I'm using the Antek 1T-300, and using the two 6.3v windings in series as a 'boost' winding to get about 315v. PSUD tells me I'll get about 385Vdc with sand diodes.  You should be able to tune in with that beautiful power trans somehow.  If you use a nice mongo choke as the second element in your filter, you can use the 385v winding and adjust the voltage with the cap before the choke (the first filter element).

I prophesy that once you have heard zero NFB triode sound, UL and pentode ain't gonna send you.  With your nice mongo iron, maybe a better call would be to adjust the circuit values (both signal and power) and use 6550s as outputs.  That's another very linear device.  The 6GK5s will drive them too.

Aloha,

Poinz
 
The very simple and good

Hi Jay ,

My suggestion is the DYNACO Mark III , that uses the inexpensive
and easy to find 6AN8 ( triode / pentode ) .

The pentode works as a voltage amplifier , direct coupled to the
triode , that works as a concertina phase inverter , driving a
pair of EL34 PP @ 4300 ohms plate to plate .
The nominal power is 35 Watts ,

A very simple design , with excellent results.

Regards ,

Carlos
 
Poindexter said:
I'm using the Antek 1T-300, and using the two 6.3v windings in series as a 'boost' winding to get about 315v. PSUD tells me I'll get about 385Vdc with sand diodes.  You should be able to tune in with that beautiful power trans somehow.  If you use a nice mongo choke as the second element in your filter, you can use the 385v winding and adjust the voltage with the cap before the choke (the first filter element).
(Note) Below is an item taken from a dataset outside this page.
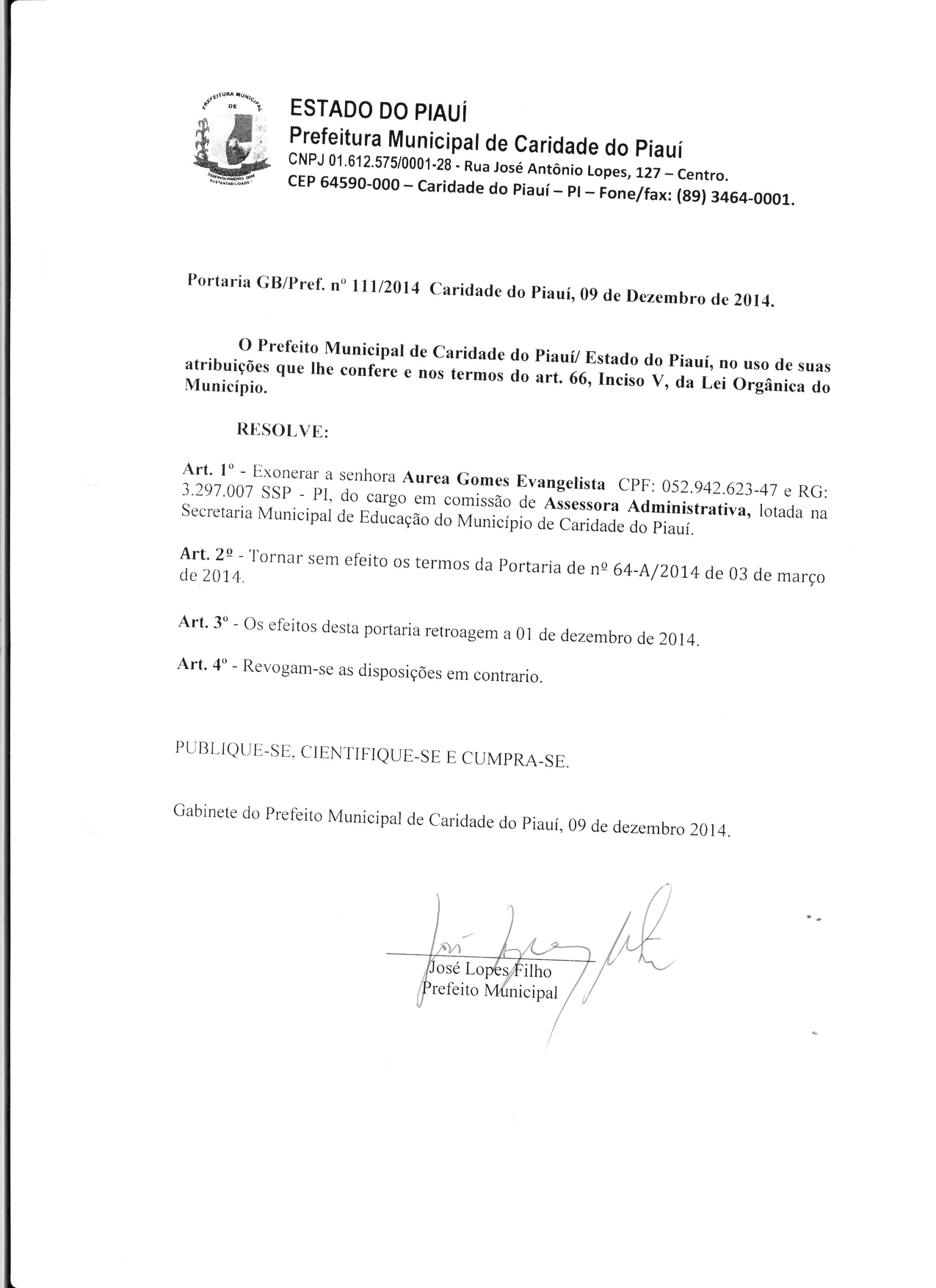 Lei publicada PORTARIA Nº 111/2014PORTARIA |

I prophesy that once you have heard zero NFB triode sound, UL and pentode ain't gonna send you.  With your nice mongo iron, maybe a better call would be to adjust the circuit values (both signal and power) and use 6550s as outputs.  That's another very linear device.  The 6GK5s will drive them too.

Aloha,

Poinz


Poinz: I am planning on a CLC and adjusting the first C to dial in the B+. I have done some PSUD modeling; the thing I find tricky is to get both the 390 and 320 voltages correct, since I'm still a newbie.

I have some 6550's and would be interested in the mods req'd to pop them in the circuit; I'm assuming that the changes would be minimal. What's the estimated power output with trioded 6550's?